Attention RBAC users and Trusted AIX users: This command can perform privileged operations. Only privileged users can run privileged operations. For more information about authorizations and privileges, see Privileged Command Database in AIX Version 7.1 Security. For a list of privileges and the authorizations associated with this command, see the lssecattr command or the getcmdattr subcommand.

Examples

  1. To export all directories in the /etc/exports file, enter: 
    exportfs -a
  2. To export one directory from the /etc/exports file, enter: 
    exportfs /home/notes
    In this example, the /home/notes directory is exported.
    Note: For this command to work, the /home/notes directory must be specified in the /etc/exports file.
  3. To unexport a directory, enter: 
    exportfs -u /home/notes

    In this example, the /home/notes directory is unexported.

  4. To display the name of the directory currently being exported, enter: 
    exportfs -v
  5. To export a directory that is not specified in the /etc/exports file, enter: 
    exportfs -i /home/zeus

    In this example, the /home/zeus directory is exported without restrictions.

  6. To export a directory and give netgroup members permission to access this directory, enter: 
    exportfs access=cowboys:oilers /home/notes -o

    In this example, the /home/notes directory is exported and permits users of cowboys and oilers host machines to have access.

  7. To export a directory with different options from the /etc/exports file, enter: 
    exportfs -i -o root=zorro:silver /directory

    In this example, the /directory directory is exported and allows root user access to zorro and silver host machines, regardless of the access permissions specified in the /etc/exports file.

  8. To export the /common/docs directory with write permissions to clients using Kerberos authentication, but read-only permissions to clients using UNIX authentication, add the following text to the /etc/exports file: 
    /common/docs -sec=krb5,rw,sec=sys,ro

    Then enter exportfs /common/docs to perform the export.
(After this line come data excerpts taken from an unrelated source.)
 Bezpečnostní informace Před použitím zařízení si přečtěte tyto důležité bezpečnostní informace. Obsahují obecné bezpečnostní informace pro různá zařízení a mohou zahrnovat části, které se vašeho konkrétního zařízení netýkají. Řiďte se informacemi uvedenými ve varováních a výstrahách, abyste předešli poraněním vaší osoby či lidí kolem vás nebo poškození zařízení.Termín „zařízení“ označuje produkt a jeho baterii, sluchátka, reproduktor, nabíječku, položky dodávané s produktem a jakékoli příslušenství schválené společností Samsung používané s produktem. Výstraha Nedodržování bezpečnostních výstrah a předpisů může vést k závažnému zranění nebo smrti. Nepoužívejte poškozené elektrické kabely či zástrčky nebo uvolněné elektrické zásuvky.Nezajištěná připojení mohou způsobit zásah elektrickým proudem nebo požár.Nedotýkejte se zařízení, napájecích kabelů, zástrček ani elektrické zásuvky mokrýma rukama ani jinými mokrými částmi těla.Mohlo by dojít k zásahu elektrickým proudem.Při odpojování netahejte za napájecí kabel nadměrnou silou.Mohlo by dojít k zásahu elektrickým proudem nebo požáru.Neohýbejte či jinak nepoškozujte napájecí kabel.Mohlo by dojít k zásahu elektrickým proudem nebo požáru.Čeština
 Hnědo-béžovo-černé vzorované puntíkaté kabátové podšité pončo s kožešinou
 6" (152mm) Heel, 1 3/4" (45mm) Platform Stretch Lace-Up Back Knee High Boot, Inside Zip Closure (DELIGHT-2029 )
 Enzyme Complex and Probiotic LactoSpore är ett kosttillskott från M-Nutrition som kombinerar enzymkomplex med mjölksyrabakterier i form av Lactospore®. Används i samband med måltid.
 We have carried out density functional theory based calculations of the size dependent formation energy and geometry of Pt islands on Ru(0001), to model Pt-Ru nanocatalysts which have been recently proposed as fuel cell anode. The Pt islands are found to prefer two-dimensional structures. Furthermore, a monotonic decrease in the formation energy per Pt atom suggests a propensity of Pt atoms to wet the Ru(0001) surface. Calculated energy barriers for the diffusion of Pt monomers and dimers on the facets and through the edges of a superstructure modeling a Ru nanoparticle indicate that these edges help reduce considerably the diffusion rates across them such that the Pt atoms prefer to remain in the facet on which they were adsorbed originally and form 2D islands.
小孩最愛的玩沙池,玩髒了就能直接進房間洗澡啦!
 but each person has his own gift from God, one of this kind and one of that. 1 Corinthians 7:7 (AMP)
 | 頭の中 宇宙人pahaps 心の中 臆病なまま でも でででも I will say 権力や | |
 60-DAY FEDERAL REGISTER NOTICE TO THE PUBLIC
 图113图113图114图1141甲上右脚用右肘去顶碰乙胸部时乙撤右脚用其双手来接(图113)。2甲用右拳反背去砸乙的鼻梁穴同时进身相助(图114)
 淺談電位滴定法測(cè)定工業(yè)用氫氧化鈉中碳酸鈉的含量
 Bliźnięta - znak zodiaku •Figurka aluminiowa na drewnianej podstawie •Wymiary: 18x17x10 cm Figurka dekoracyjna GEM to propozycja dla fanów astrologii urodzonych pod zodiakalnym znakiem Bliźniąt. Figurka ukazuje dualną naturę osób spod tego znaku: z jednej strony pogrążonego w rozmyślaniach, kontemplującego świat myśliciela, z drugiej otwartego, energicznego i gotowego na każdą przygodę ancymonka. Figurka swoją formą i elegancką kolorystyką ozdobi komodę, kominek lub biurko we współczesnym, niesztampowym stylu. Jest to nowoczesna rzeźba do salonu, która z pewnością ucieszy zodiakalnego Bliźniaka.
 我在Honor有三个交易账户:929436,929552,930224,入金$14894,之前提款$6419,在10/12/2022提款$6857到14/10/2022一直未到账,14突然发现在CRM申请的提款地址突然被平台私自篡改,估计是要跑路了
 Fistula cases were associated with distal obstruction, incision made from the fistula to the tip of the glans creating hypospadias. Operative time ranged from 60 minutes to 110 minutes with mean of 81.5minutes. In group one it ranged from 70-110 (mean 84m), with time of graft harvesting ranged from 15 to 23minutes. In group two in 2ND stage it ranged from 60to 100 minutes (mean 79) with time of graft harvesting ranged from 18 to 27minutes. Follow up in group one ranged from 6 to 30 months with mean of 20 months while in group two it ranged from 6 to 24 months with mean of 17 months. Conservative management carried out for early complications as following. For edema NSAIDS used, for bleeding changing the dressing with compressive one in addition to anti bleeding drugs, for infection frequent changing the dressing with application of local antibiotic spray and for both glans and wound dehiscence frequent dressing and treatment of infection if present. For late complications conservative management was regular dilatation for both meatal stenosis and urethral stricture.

  9. To create a referral at /usr/info to the /usr/info directory on host infoserver, add the following line to /etc/exports and then export /usr/info: 
    /usr/info -vers=4,refer=/usr/info@infoserver
  10. To specify replicas for the /common/info directory at hosts backup1 and backup2, add the following line to /etc/exports and then export /common/info: 
    /common/info -vers=4,replicas=/common/info@backup1:/common/info@backup2,<other options>
  11. To export the /common/docs directory with both version 3 and version 4, enter the following command: 
    exportfs -V 3:4 /common/docs
  12. To export all of the version 4 entries in the /etc/exports file, enter the following command: 
    exportfs -a -V 4
  13. To unexport the /common/docs directory only for version 3, enter the following command: 
    exportfs -u -V 3 /common/docs
  14. To unexport all of the version 3 entries in the /etc/xtab file, enter the following command: 
    exportfs -ua -V 3
  15. To specify referrals for the /common/docs directory at hosts named s1, s2, and s3 and scatter them fully, add the following line to the /etc/exports file and then export the /common/docs directory: 
    /common/docs -vers=4,refer=/common/docs@s1:/common/docs@s2:/common/docs@s3,scatter=full
  16. To specify replicas for the /common/docs directory at hosts named s1, s2, s3, and s4 and scatter them partially (the first fail over server is s1 for all combinations), add the following line to the /etc/exports file and then export the /common/docs directory: 
    /common/docs -vers=4,noauto,replicas=/common/docs@s1:/common/docs@s2:/common/docs@s3:/common/docs@s4,scatter=partial

Files

Item Description
/etc/exports Lists the directories that the server can export.
/etc/xtab Lists currently exported directories.
/etc/hosts Contains an entry for each host on the network.
/etc/netgroup Contains information about each user group on the network.
/etc/rc.nfs Contains the startup script for the NFS and NIS daemons.